> About this task
Your response is a verbatim copy of the listing, stripped of its images.

Materials provided Start Marker

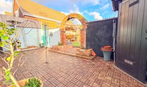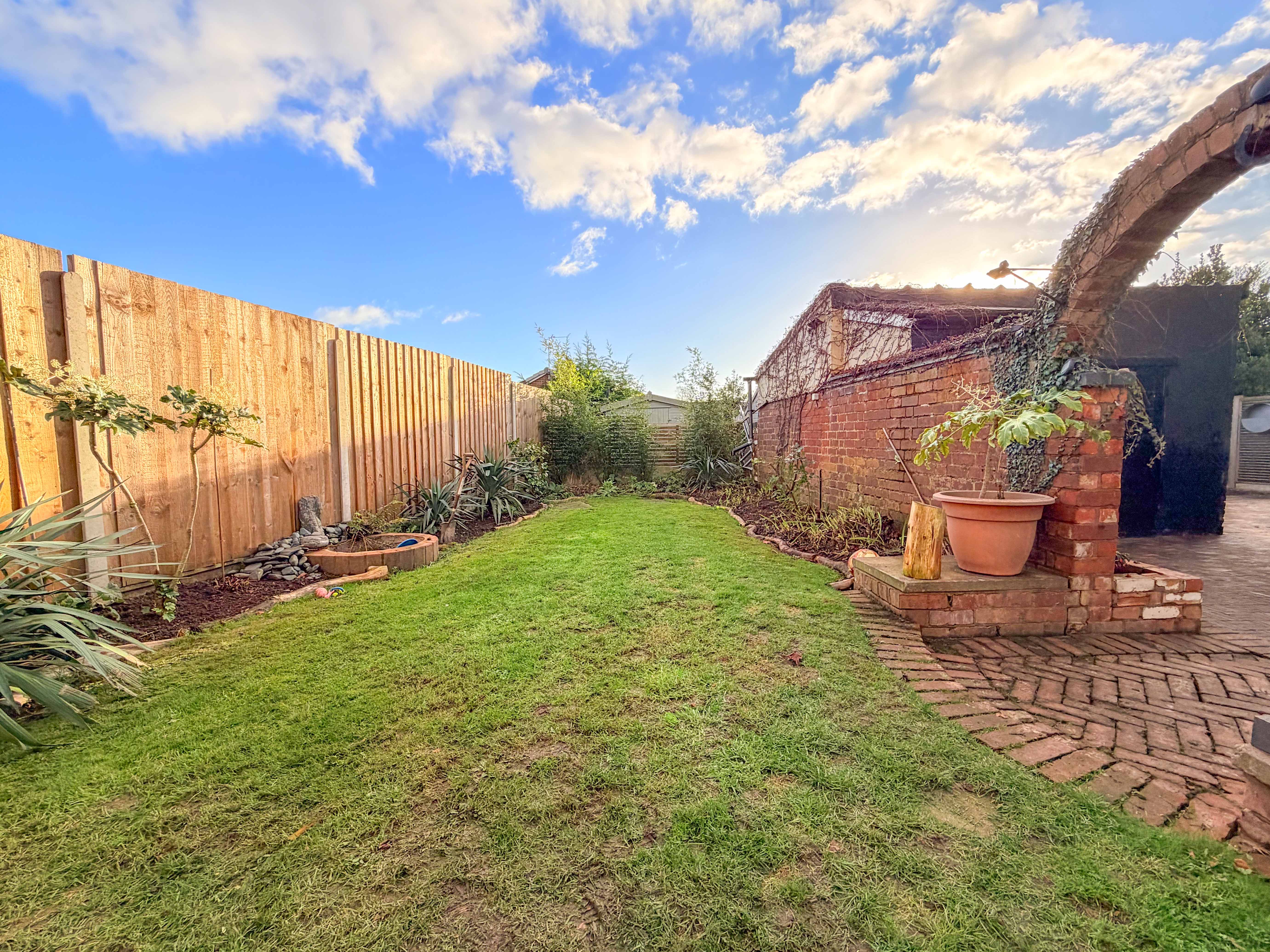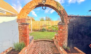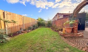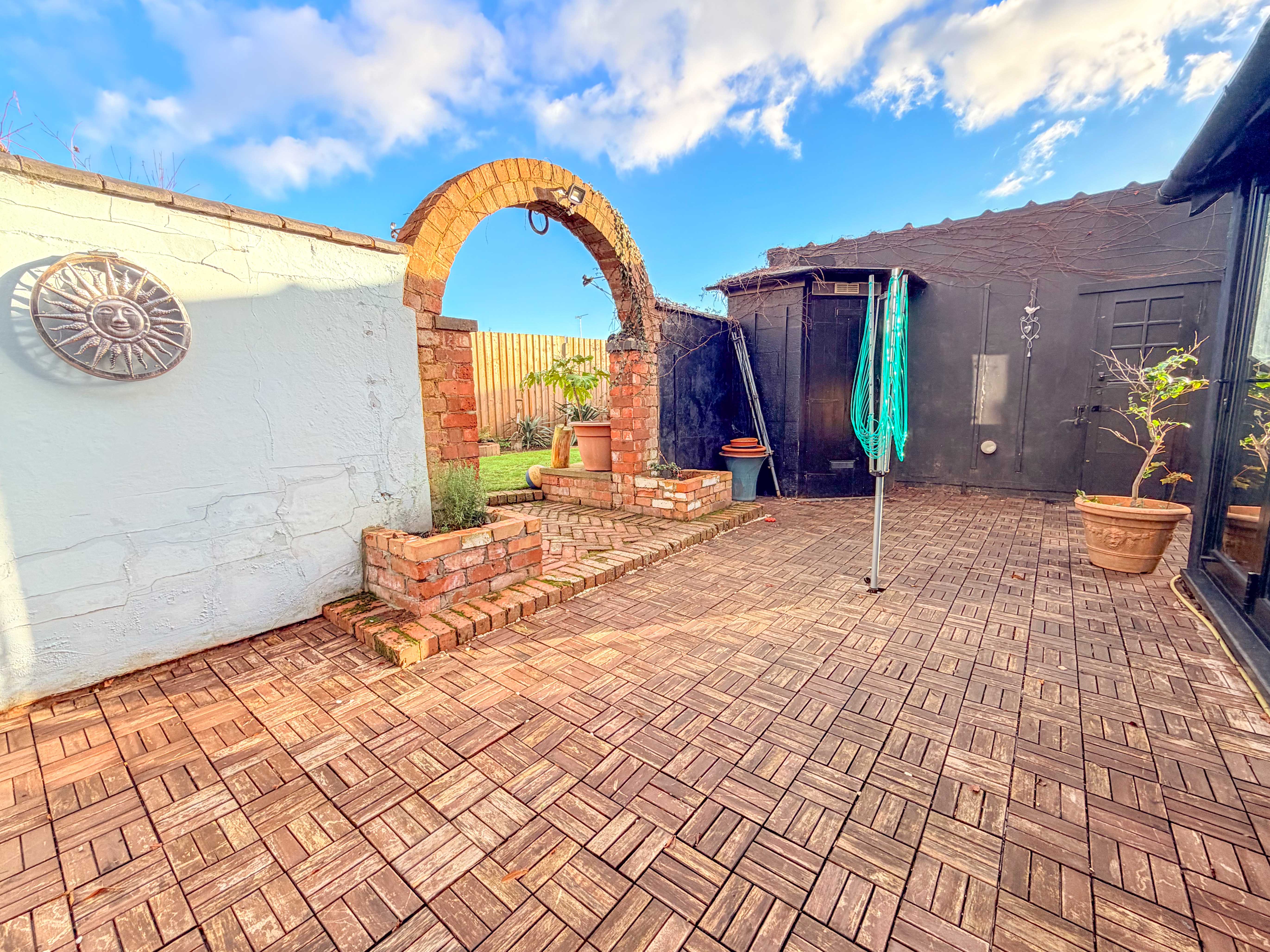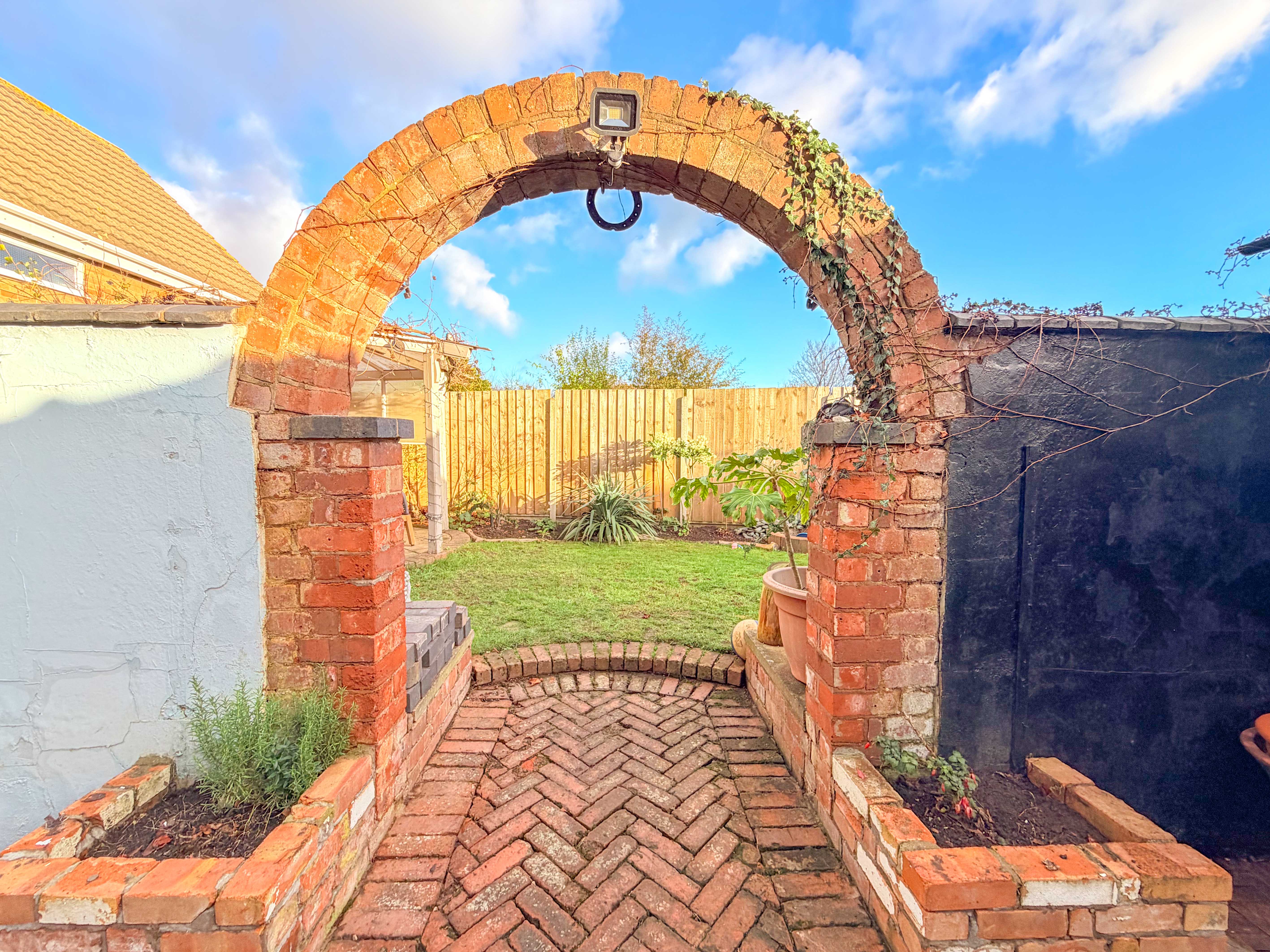 Outside, the property continues to impress with its delightful gardens to both the rear and side. The side garden provides a patio area with space for a lawn, ideal for outdoor dining or simply enjoying the sunshine. To the rear, a further patio leads through a charming rustic archway into a lawned garden, creating a peaceful and private outdoor retreat.
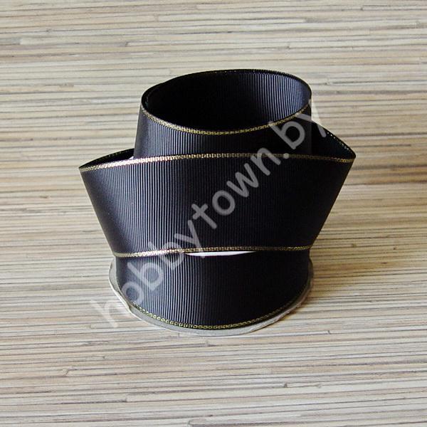 Лента репсовая 40мм (цв. чёрный с люрексом золото) 1м
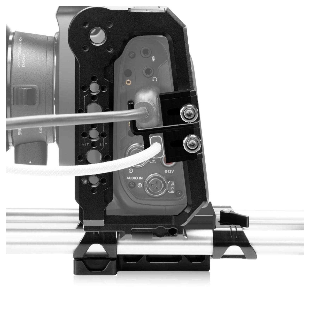 Die Unterseite des Cages ist Arca-kompatibel gestaltet und erlaubt eine schnelle, werkzeuglose Montage auf Quick-Release-Platten oder Gimbal-Systemen. An der linken Seite befindet sich eine NATO-Schienenhalterung, die sich ideal zur Befestigung eines optionalen Seitengriffs eignet. Zahlreiche 1/4"-20- und 3/8"-16-Gewinde sowie mehrere Cold Shoe-Halterungen bieten maximale Flexibilität zur Montage von weiterem Zubehör wie externen Monitoren, Funkstrecken oder Leuchten.
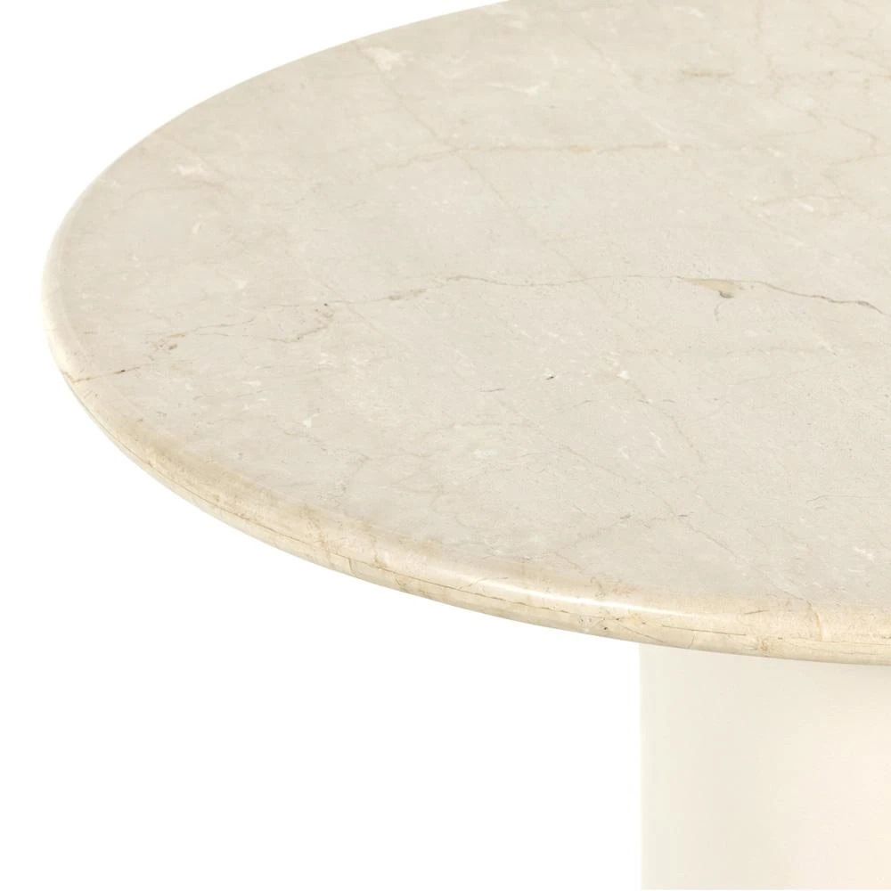 Gary French Country Cream Marble Top Iron Base Round Dining Table - Small - 38"W
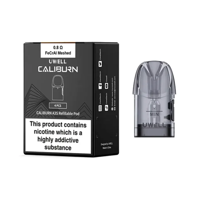 Uwell Caliburn A3S Replacement Pods, offering a 2mL refillable capacity, integrated 0.8ohm/1.0ohm coils, and comeās in a pack of four.

Materials provided End Marker

> Answer to this problem
 Outside, the property continues to impress with its delightful gardens to both the rear and side. The side garden provides a patio area with space for a lawn, ideal for outdoor dining or simply enjoying the sunshine. To the rear, a further patio leads through a charming rustic archway into a lawned garden, creating a peaceful and private outdoor retreat.
 Лента репсовая 40мм (цв. чёрный с люрексом золото) 1м
 Die Unterseite des Cages ist Arca-kompatibel gestaltet und erlaubt eine schnelle, werkzeuglose Montage auf Quick-Release-Platten oder Gimbal-Systemen. An der linken Seite befindet sich eine NATO-Schienenhalterung, die sich ideal zur Befestigung eines optionalen Seitengriffs eignet. Zahlreiche 1/4"-20- und 3/8"-16-Gewinde sowie mehrere Cold Shoe-Halterungen bieten maximale Flexibilität zur Montage von weiterem Zubehör wie externen Monitoren, Funkstrecken oder Leuchten.
 Gary French Country Cream Marble Top Iron Base Round Dining Table - Small - 38"W
 Uwell Caliburn A3S Replacement Pods, offering a 2mL refillable capacity, integrated 0.8ohm/1.0ohm coils, and comeās in a pack of four.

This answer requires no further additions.